Fig 5. CNS–28 is critical for type 1 responses during host defense and inflammation.

(A) Body weight of Rag2^−/− mice transferred i.p. with CD4⁺CD25⁻CD62L⁺ cells from WT or CNS–28^Δ mice.

(B) Hematoxylin and eosin staining of colonic tissue from the different groups as in (A) 10 weeks after colitis induction, scale bar, 50μm.
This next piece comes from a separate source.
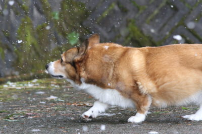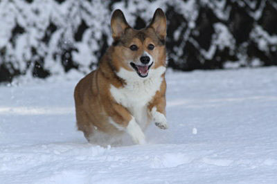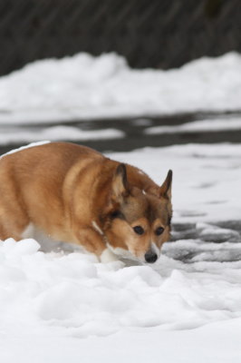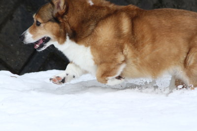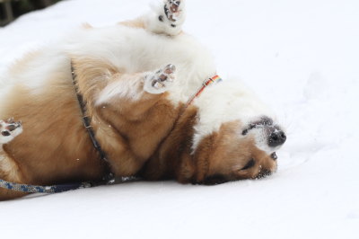 | 2月10日(金) 少々の寒さはへっちゃら感のあるアトム。毎日のように雪にすりすりゴロゴロ。(^_^;) あまりに寒いのになかなか家の中に入ろうとしない時は、「そんなにお外がいいんなら、お外の子になる?」と言うと、一発で家の中に入る。(笑) 私ってイジワル〜。 |

(C) Left: Quantification of pathological changes in the colon of mice as in (A); Right: Colon lengths of Rag2^−/− mice which had received the indicated cells for transfer as in (A), measured from the colocecal junction to the anal verge

(D-E) (D)Flow cytometry analysis and (E) Quantification of IFN-γ expression by CD4⁺ T cells isolated from LP from indicated groups as in (A) 10 weeks after colitis induction.

(F-I) Splenocytes from WT and CNS–28^Δ mice were isolated and cultured in the presence of IL-12 and IL-2 for 6 h. IFN-γ expression in (F, G) CD8⁺ T cells or (H, I) NK1.1⁺ NK cells were measured by (F, H) flow cytometry or (G, I) Quantification.

(J-M) Listeria were inoculated into WT and CNS–28^Δ mice by oral gavage. The mice were sacrificed on day 14 for further tests.

(J) IFN-γ level in serum was assessed by ELISA at indicated day.

(K) Bacteria CFU was counted at day 7 after infection in liver and spleen.

(L) Flow cytometry analysis and (M) Quantification of IFN-γ expression in CD4⁺, CD8⁺ T cells from spleen 7 days after infection and NK cells isolated from spleen 1 day after infection.

Data are representative of at least two independent experiments (A, B, C-M) or pooled from two independent experiments (C). *p < 0.05, ^**p < 0.01 (Student’s t test, error bars represent SD).